12. Rights of Data Subject
12.1 You, as a Data Subject, have the rights to deal with Your Personal Data which are in the Companies’ responsibility in accordance with the personal data protection laws as follows:
(1) to request access to or obtain copy of Your Personal Data or to request the disclosure of the acquisition of Your Personal Data obtained without Your consent;
(2) to obtain Your Personal Data in electronic form or transfer Your Personal Data to other persons;
(3) to object to the collection, use, or disclosure of Your Personal Data in accordance with the personal data protection laws;
(4) to erase or destroy Your Personal Data, or to anonymize Your Personal Data to become the anonymous data which cannot identify You in accordance with the personal data protection laws;
(5) to restrict the use of Your Personal Data in accordance with the personal data protection laws;
(6) to revise or modify Your Personal Data to be accurate, up to date, complete and not misleading;
(7) to withdraw Your consent given to the Companies unless there is any restriction for consent withdrawal by laws or any agreement which gives benefits to You;
(8) to complain to any authority if You believe that any dealing with the Personal Data by the Companies is incompliance with the personal data protection laws.

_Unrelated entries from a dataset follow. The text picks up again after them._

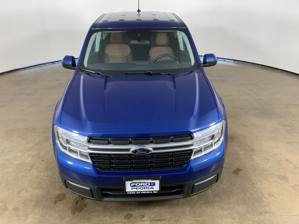 Atlas Blue Metallic 2023 Ford Maverick Lariat FWD with Desert Brown ActiveX interior available now at Ford of Peoria in Peoria, IL. This clean AutoCheck one-owner Maverick Lariat blends hybrid efficiency, premium Lariat comfort, and smart truck versatility, making it an ideal compact pickup for drivers across Central Illinois.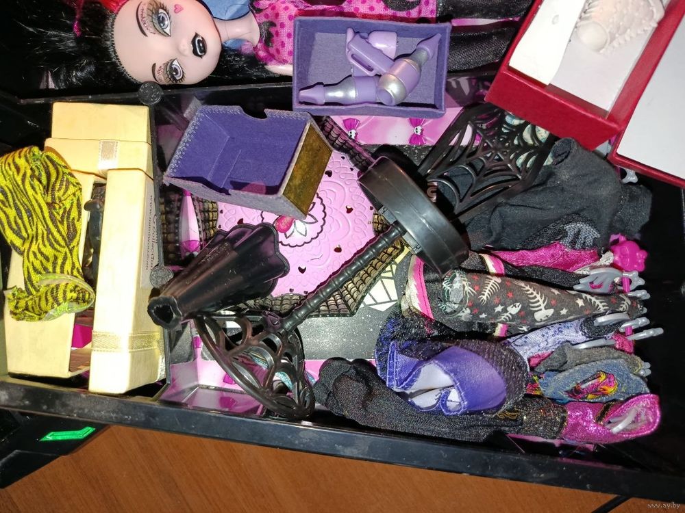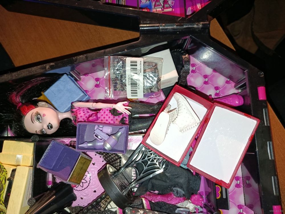 Полный набор. Сама кукла, коробки с обувью и одеждой , вешалка с одеждой и прочее, всё видно на фото. С момента покупки не трогалась.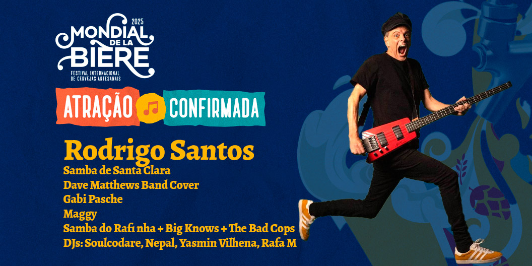 Mondial de la Bière 2025: Rodrigo Santos, Samba de Santa Clara e tributos no sábado

12.2 You can use the right as specified in clause 13.1 by contacting the person specified in clause 15 hereof.
12.3 The Companies reserve the right to refuse to perform according to Your request, whether in whole or in part, if the Companies have reasonable and lawful reason such as such performance will cause unreasonable burden to the Companies, is impracticable, is illegal or the use of such right by You will or may affect other person’s rights or freedom or in the event that the Companies have a legal authority to collect Your Personal Data without your consent.

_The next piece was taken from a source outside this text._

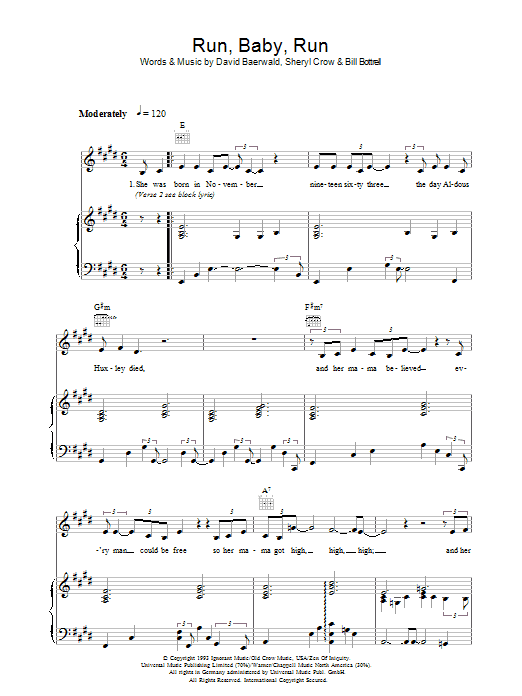 Download or print Sheryl Crow Run, Baby, Run sheet music, chords and digital score arranged for Piano, Vocal & Guitar Chords (Right-Hand Melody). This Pop score includes 4 page(s).

13. Privacy Notice or Privacy Policy of other Websites or Applications
In the event that You use the Companies’ websites or applications and You clicks any link shown on such websites or applications to enter into other websites or applications, whether such other websites or applications belong to the Companies or not, You agree to read and comply with the Privacy Notice or Privacy Policy of such other websites or applications, and the Companies will not be responsible for any contents or data protection standards to protect the Personal Data of such other websites or applications. Moreover, if You give Your Personal Data to the owners of other websites or applications, You acknowledge and understand that the Companies arenot relevant to processing of Your Personal Data by the owners of such other websites or applications.
14. Details of Data Controller and Personal Data Protection Officer
You can contact the data controller and/or personal data protection officer of the Companies through the following channels:
Helpdesk HC
Telephone: 02-078-5858, E-mail: helpdesk.hc@oishigroup.com
PDPA Contact Center
Tel: 02-975-5566 or email: pdpa_info@oishigroup.com
15. Revision of Personal Data Protection Notice
In the event that there is any revision to this Notice, the Companies will make an announcement via the Companies’ website or application, or other communication channels of the Companies and the new Notice will be effective on the date of such announcement.